*PROBLEM TO SOLVE:* Print out each entry below exactly; do not carry over any image.

** INPUT FOR THIS TASK follows **

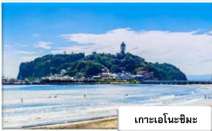
เกาะเอโนะชิมะ

เกาะเอโนะชิมะ (Enoshima) นั้นเป็นเกาะที่ลอยอยู่กลางทะเลอยู่ในเขตโชนันของจังหวัดคานากาวา เป็นสถานที่ที่แหล่งท่องเที่ยวมากมายมารวมตัวกันอยู่ ทั้งทิวทัศน์อันงดงาม ศาลเจ้า ปรภคาร ถ้ำและอื่น ๆ อีกทั้งเมนูอาหารทะเลยังเป็นของอร่อยชื่อดังของที่นี่
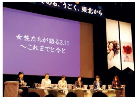
日本女性会議 2012 仙台 特別プログラム

水野 全国的、また国際的な広がりがある場にはありました。やはり生身で会って話をするのは違いますね。とてもエポックメイキングな会
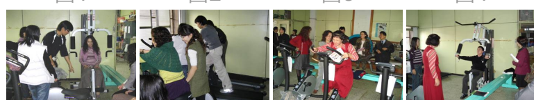
圖5 圖6 圖7 圖8
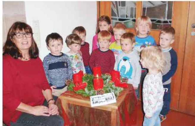
Die Überbringer der Adventskränze bereiteten große Freude.

Es gibt kein Fest, das seinen Schatten so vorauswirft wie Weihnachten. Wenn am Ende des Kalenderjahres die Tage spürbar kürzer werden und in den Geschäften die ersten Lebkuchen auftauchen, dann beginnt bei Klein und Groß die große innere Unruhe. Die Zeit des Wartens. Wann ist es endlich soweit? Ungeduldig warten die Kinder auf den großen Außenblick. Das war auch vor 180 Jahren, im „Rauhen
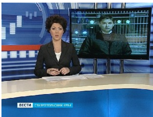
Рис. 2: Подводка ведущего и корреспондент на плазме
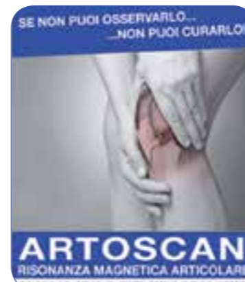
ARTOSCAN RISONANZA MAGNETICA ARTICOLARE
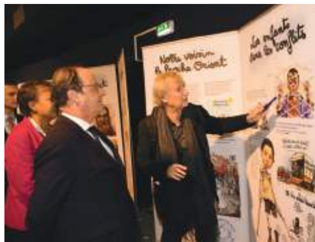
Le dessinateur de presse Plantu présente l'exposition de son association Cartooning for Peace à l'ancien Président de la République François Hollande, à l'occasion d'un colloque organisé à Vaulx-en-Velin en 2019
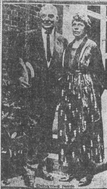
Osaka Press photo
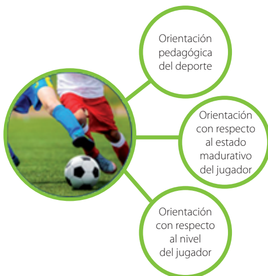
Figura 1. Criterios organizativos y conceptuales sobre los que definir el fútbol base

Para entender el concepto de fútbol base y tras consultar los diferentes autores revisados (Ardá y Casal, 2003; Blázquez, 1999; Chesnau y Duret, 1995; Fradua, 2005; Garganta, 2003; Garganta y Pinto, 1998; Lago, 2002; Leali, 1994; Lorenzo, 2007; Martín-Barrero, 2019; Moreno y Fradua, 2001; Ortega, et al., 2015; Pacheco, 2004; Sans y Frattarola, 1999; Sebastiani y Blázquez, 2012; Wein, 2000, 2004), se puede llegar a la conclusión de que el concepto de fútbol base o fútbol formativo está marcado por el «tiempo», en referencia al momento, etapa o fase se encuentra el niño o joven:
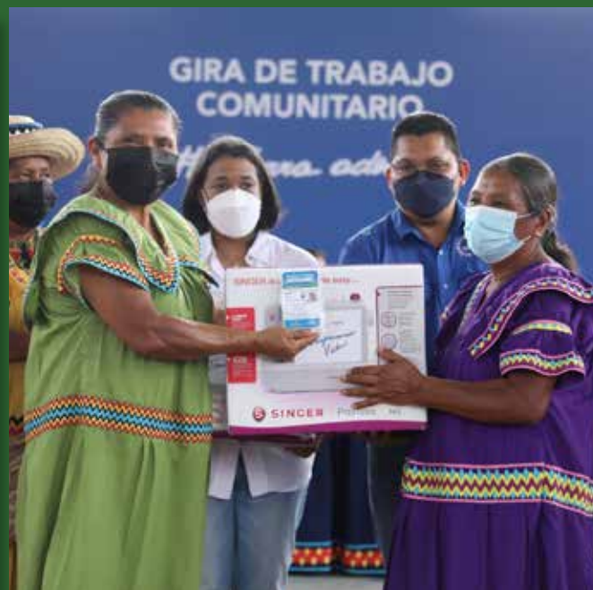
CERTIFICADOS PARA ARTESANOS

** End of INPUT FOR THIS TASK **

*OUTPUT BELOW:*
เกาะเอโนะชิมะ

เกาะเอโนะชิมะ (Enoshima) นั้นเป็นเกาะที่ลอยอยู่กลางทะเลอยู่ในเขตโชนันของจังหวัดคานากาวา เป็นสถานที่ที่แหล่งท่องเที่ยวมากมายมารวมตัวกันอยู่ ทั้งทิวทัศน์อันงดงาม ศาลเจ้า ปรภคาร ถ้ำและอื่น ๆ อีกทั้งเมนูอาหารทะเลยังเป็นของอร่อยชื่อดังของที่นี่
日本女性会議 2012 仙台 特別プログラム

水野 全国的、また国際的な広がりがある場にはありました。やはり生身で会って話をするのは違いますね。とてもエポックメイキングな会
圖5 圖6 圖7 圖8
Die Überbringer der Adventskränze bereiteten große Freude.

Es gibt kein Fest, das seinen Schatten so vorauswirft wie Weihnachten. Wenn am Ende des Kalenderjahres die Tage spürbar kürzer werden und in den Geschäften die ersten Lebkuchen auftauchen, dann beginnt bei Klein und Groß die große innere Unruhe. Die Zeit des Wartens. Wann ist es endlich soweit? Ungeduldig warten die Kinder auf den großen Außenblick. Das war auch vor 180 Jahren, im „Rauhen
Рис. 2: Подводка ведущего и корреспондент на плазме
ARTOSCAN RISONANZA MAGNETICA ARTICOLARE
Le dessinateur de presse Plantu présente l'exposition de son association Cartooning for Peace à l'ancien Président de la République François Hollande, à l'occasion d'un colloque organisé à Vaulx-en-Velin en 2019
Osaka Press photo
Figura 1. Criterios organizativos y conceptuales sobre los que definir el fútbol base

Para entender el concepto de fútbol base y tras consultar los diferentes autores revisados (Ardá y Casal, 2003; Blázquez, 1999; Chesnau y Duret, 1995; Fradua, 2005; Garganta, 2003; Garganta y Pinto, 1998; Lago, 2002; Leali, 1994; Lorenzo, 2007; Martín-Barrero, 2019; Moreno y Fradua, 2001; Ortega, et al., 2015; Pacheco, 2004; Sans y Frattarola, 1999; Sebastiani y Blázquez, 2012; Wein, 2000, 2004), se puede llegar a la conclusión de que el concepto de fútbol base o fútbol formativo está marcado por el «tiempo», en referencia al momento, etapa o fase se encuentra el niño o joven:
CERTIFICADOS PARA ARTESANOS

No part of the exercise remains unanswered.